Bookings for the March quarter hit a record and this strength has continued into the June quarter, with backlog for the June quarter up ~9% q/q.
Microchip, however, believes that the strength in bookings may be a result of customer concerns about supply chain disruptions due to the COVID-19 virus.
“With economies around the world contracting rapidly, with millions of people getting laid off and with customer factory closures due to “shelter in place” ordinances in various countries, we believe that product demand is likely to weaken significantly” the company warned.
In addition, due to the uncertainty surrounding COVID-19 and potential product demand weakness, Microchip announced that it is also lowering its cost structure.
Its CEO, President and other executive staff members will take a 20% salary cut effective on April 20, 2020 while the rest of the non-factory employees in the company will take a 10% salary cut.
Microchip expects that its capital expenditures for fiscal 2021 ending March 31, 2021 will be reduced to about $50 million to $70 million, primarily for maintenance capital and to support new product introductions.

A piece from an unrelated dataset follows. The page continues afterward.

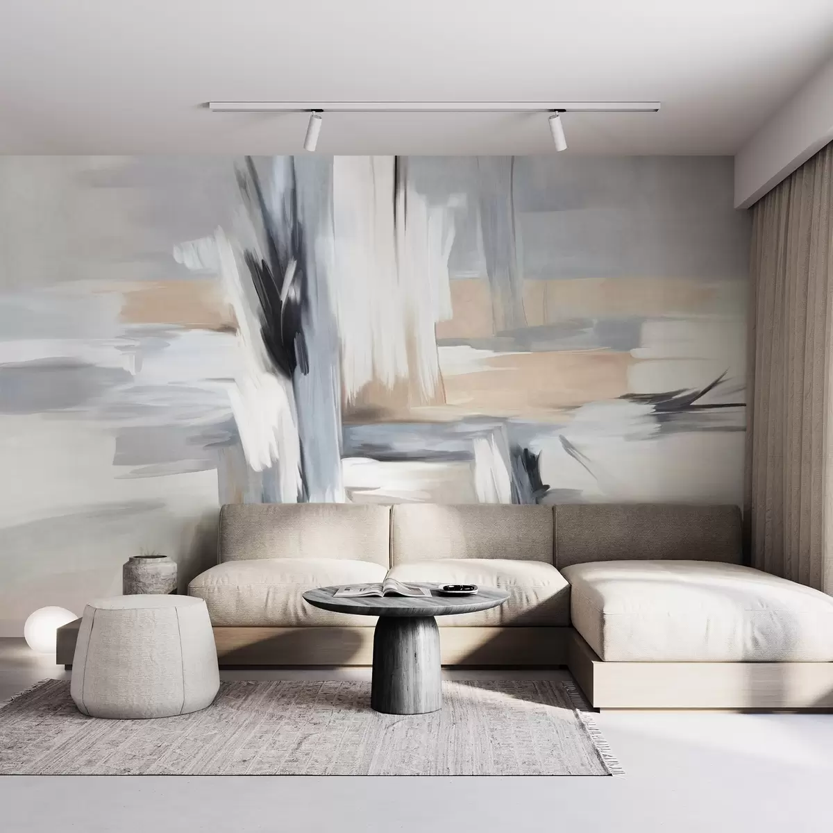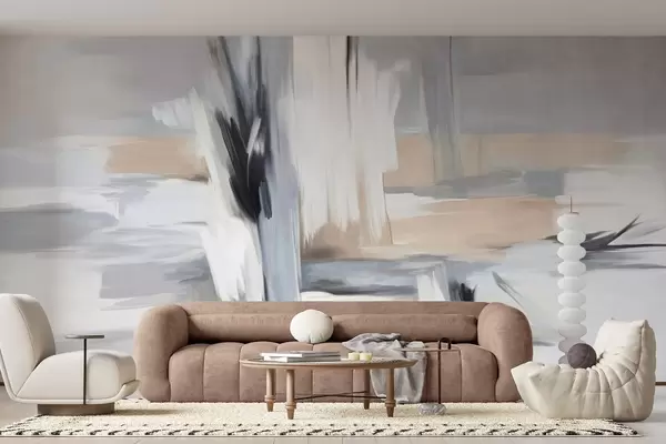 Fototapet Stil pictural abstract texturat, cu tușe de pensulă în nuanțe de alb, gri și bej Nr. w09651

“While we see strong bookings and backlog right now, we also see a very high degree of uncertainly in our business due to the impact of the COVID-19 virus,” said Steve Sanghi, Microchip’s CEO. “With millions of job losses, customer factories shutting down and weakening economic activity, we are taking actions to reduce expenses and capital expenditures to prepare.”
Nonetheless the stock continues to win support from the Street, with a Strong Buy analyst consensus. Out of 16 analysts covering the stock, 14 rate MCHP a buy, TipRanks shows. (See Microchip’s stock analysis on TipRanks)
“We continue to view Microchip as a company that will outperform as we exit the current industry down-cycle (strong cash flow, debt repayments, and design wins in microcontrollers and analog)” stated Rosenblatt analyst Hans Mosesmann on April 9. “We reiterate our Buy rating and 12-month price target of $120.”